Dean Bubley: VCC gaining traction
Dean Bubley post at his Disruptive Wireless blog "about VCC emerging as the key SIP-based approach to fixed-mobile convergence." After spending two days at the FMC Summit in Amsterdam, Bubley notes that VCC "has come up over and over again - not just from vendors, but from some of the largest operators in Europe."
Bubley has "the distinct impression that standardisation [of VCC] is the only thing standing in the way of ditching UMA in favour of SIP." He writes:
This fits with my understanding that low-level UMA deployment is pretty cheap. It has severe limitations, but it works OK as essentially an extended trial technology - enabling the carrier to get some detail and experience about customers' preferences and key operational practices (billing, marketing, bundling, user interface, pricing, coverage etc). It's also got some handsets already shipping.Bubley concludes that:
Conversely, VCC/SIP fits better with operators' medium-term strategies around integrating quad-play services, many of which won't use a mobile core network, unlike UMA's Voice & GPRS. I'm being told that these services will integrate a dual-mode handset (or even a WiFi-only one) with IPTV, Internet services, gaming, and a whole slew of hybrids.

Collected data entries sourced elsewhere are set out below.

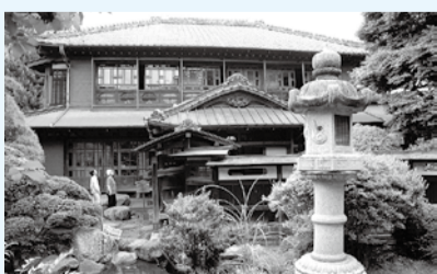
趣きある古民家岸邸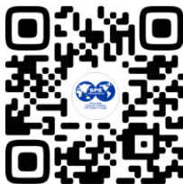
USTU SPE STUDENT CHAPTER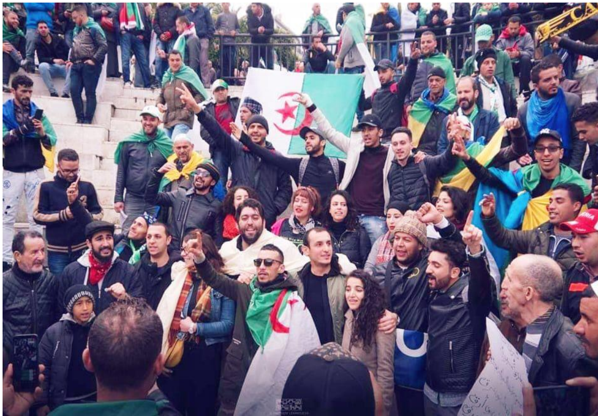
Image 10 : Dernière Séquence Fin du spectacle les personnages saluent le public et les rejoint pour la marche.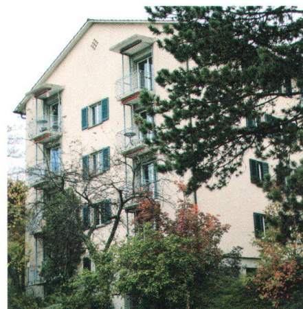
Frau Theiler war an der Wasserwerkstrasse in Zürich – in der Baugenossenschaft für alleinstehende Frauen – wohnhaft

Eine Nachbarin, die Frieda Theiler in deren letzten Lebensjahren eine gute Freundin war, charakterisiert die Verstorbene als bescheiden, kontaktfreudig, unbeschwert, glücklich, eine gute Energie ausstrahlend.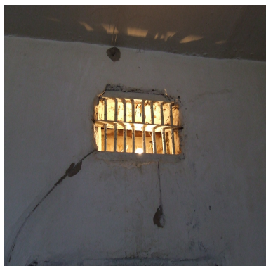
ОВ-156/3 мекемесінің АИ, Өскемен қ.

ғасырдың ортасында, немесе одан да ерте салынған, бір бөлігі жөндеу жұмыстарын қажет ететін, сондай-ақ апатты жағдайдағы ғимараттар мен үйжайлар болып табылады. Мысалы, Шығыс Қазақстан (ОВ-156/19), Қарағанды (АК-159/1), Алматы (ЛА-155/16) облыстарындағы, Астана қ. тергеу изоляторлары, ЛА-155/6, ОВ-156/22, ГМ-172/1, ГМ-172/8 түзеу мекемелері. Санитарлық-гигиеналық нормалар мен талаптарды сақтамау, санитарлық тораптардың, кәріздердің қанағаттанарлықсыз жағдайы, төсек орын құралдарының лайықсыз күйі Шығыс Қазақстан, Қарағанды, Қостанай, Ақтөбе облыстарының тергеу изоляторларында және Солтүстік Қазақстан, Шығыс Қазақстан, Қостанай, Қызылорда облыстарының, Алматы және Астана қалаларының жекелеген түзеу мекемелерінде байқалады.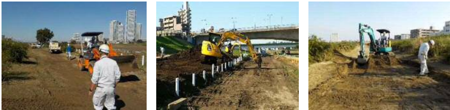
① 北見方地区 ② 丸子橋地区 ③ 古市場地区

可及的速やかな復旧に向け、既存の予算枠などを活用し、マラソンコースから順次土砂の撤去等の災害復旧緊急工事を実施中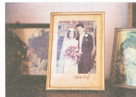
På utstilling: Familiebilder som inntil nylig har hengt over pianoet hjemme i Brevik.

– Nei, de er nok helt vanlige. Alle fami- lier har sine ting. Men virkelighe- ten er annerledes enn jeg trodde da jeg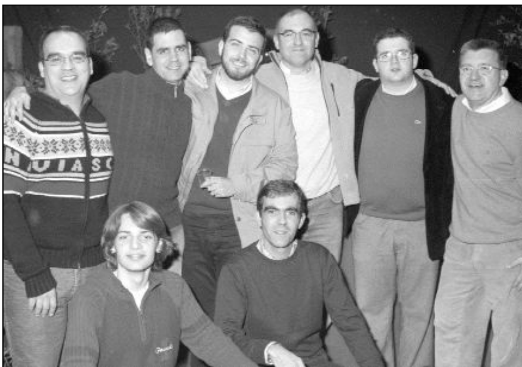
Un grupo de seminaristas que está actualmente preparándose para el sacerdocio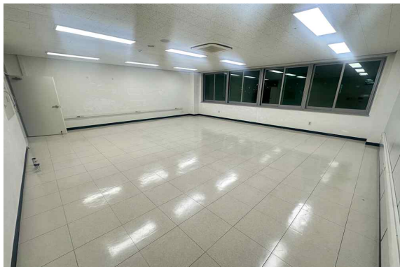
408호 (63.58m 2 )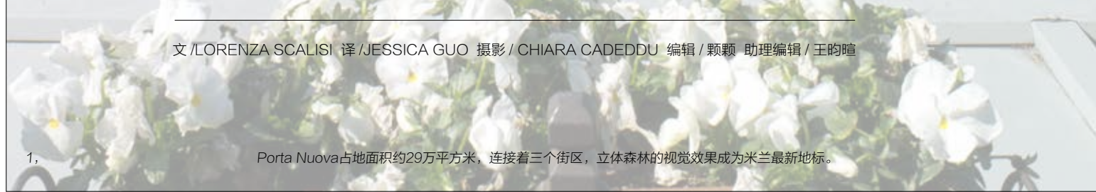
1. Porta Nuova占地面积约29万平方米，连接着三个街区，立体森林的视觉效果成为米兰最新地标。

文 / LORENZA SCALISI 译 / JESSICA GUO 编辑 / 颖颖 助理编辑 / 王昀喆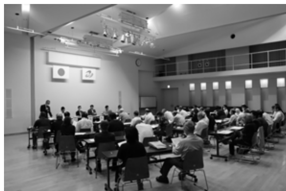
観光施設評価結果住民説明会の様子 (田島地域)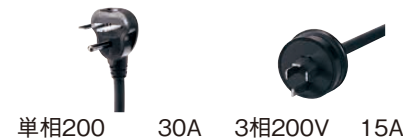
単相200 30A 3相200V 15A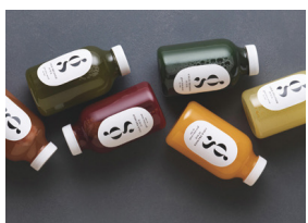
glow juice stand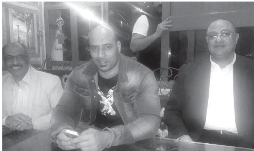
كمال الأجسام ضحية الفساد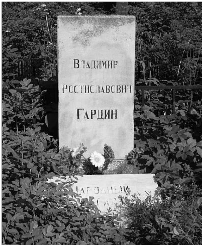
Могила В. Гардина на Богословском кладбище

Меня уже давно беспокоит мысль о том, что не случайно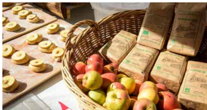
Marché du goût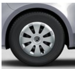
40,6 cm (16") jeklena platišča (RS3)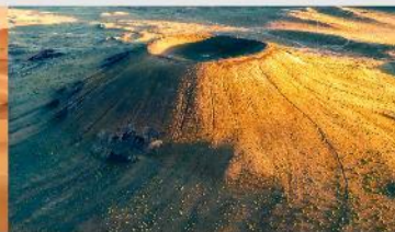
ภูเขาไฟอูลันฮาตา

*ทางบริษัทฯ ขอสงวนสิทธิ์ในการสลับโปรแกรมทัวร์ตามความเหมาะสมขึ้นอยู่กับสถานการณ์หน้างาน โดยคำนึงถึงผลประโยชน์ของลูกค้าเป็นสำคัญ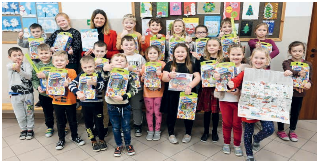
Pierwszaki z Zajączkowa to jedna z najsympatyczniejszych klas w województwie.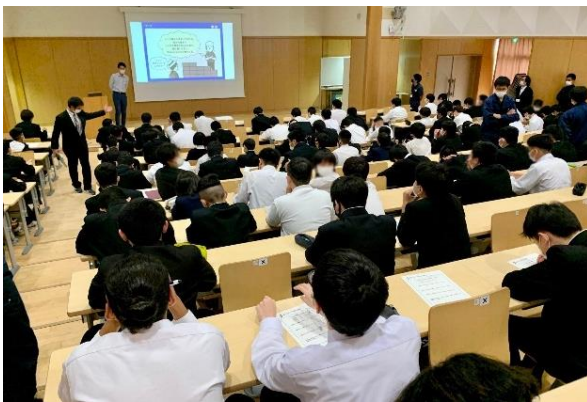
▲ 「働くとは？」働く目的について考える授業の様子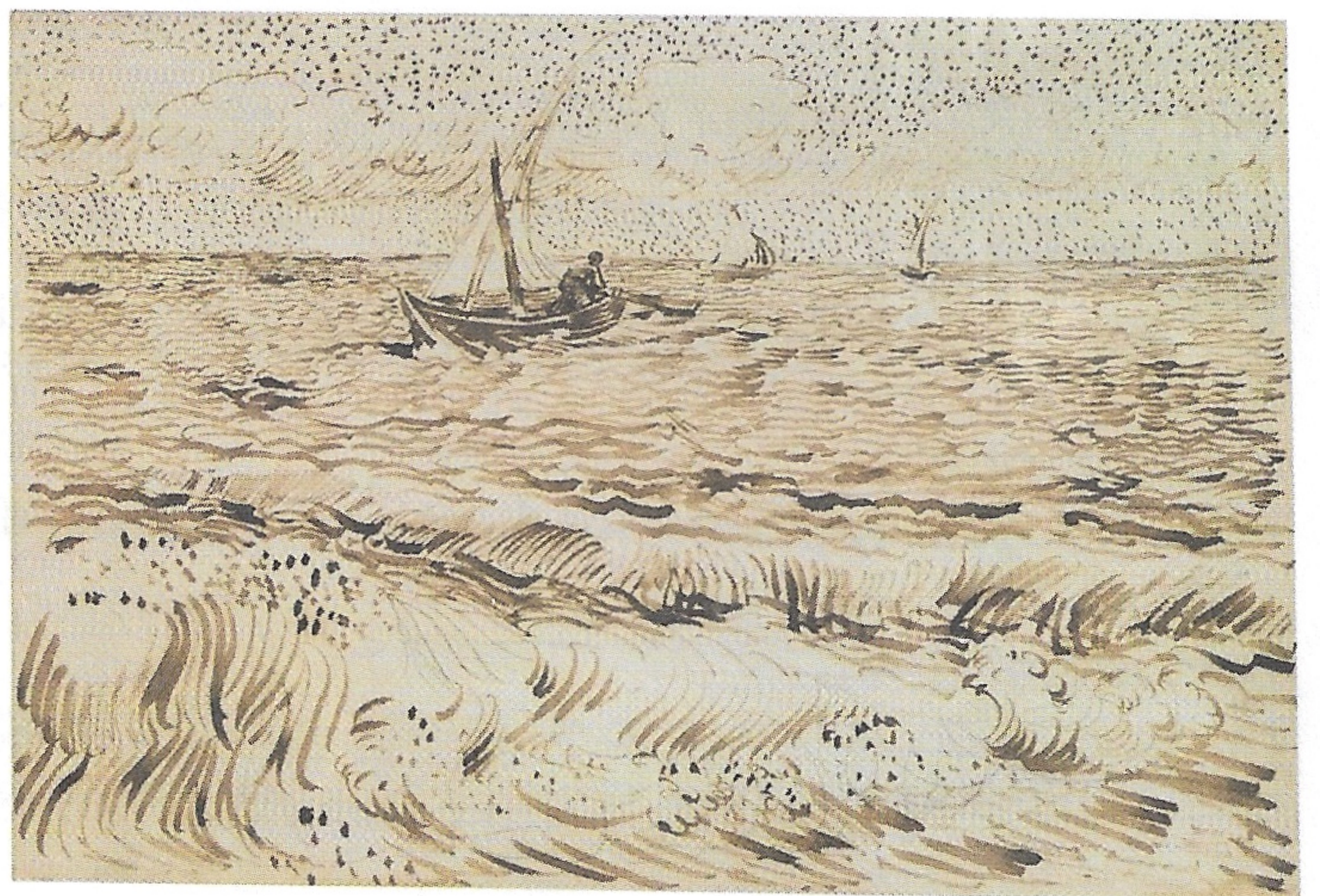
Vincent Van Gogh (1853-1890), Bateaux de pêche aux Saintes-Maries-de-la-Mer , 1888, encre et crayon sur papier, 24,4 x 31,9 cm, Saint Louis Art Museum, États-Unis.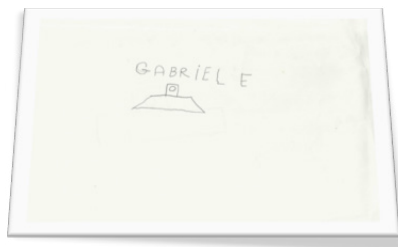
Figura 9 Seconda rappresentazione del mattoncino rosso da parte di Gabriele.

Il trattamento operato (riportato accanto) mette in evidenza un disegno simile al primo ma con una caratteristica in più: «questo ha la forma dello scivolo e questo pure» (indicando i due lati dell'oggetto tridimensionale).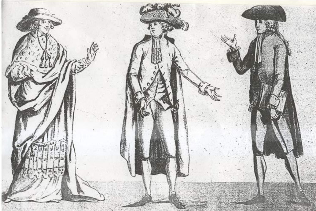
Concepto: “Sociedad del antiguo régimen”

¿A qué estamento social pertenece cada uno de los personajes? Señala en que te basas para tu elección.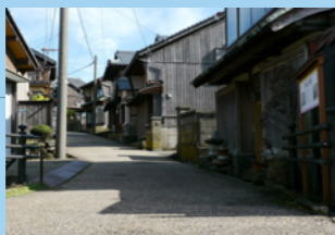
6. 見返り橋から続く風情ある坂道。

My only concern is that none of the handset manufacturers have yet nailed their VCC colours to the mast. To be fair, it isn't standardised yet. And there are some handset software suppliers already advocating it (the MobileIgnite alliance members, for example). However - if there's anyone out their in handset-land that's relaxing after getting their UMA platform sorted, I'd suggest knuckling down and getting VCC on the roadmap ASAP. The same goes for chipset suppliers and SIP software client specialists.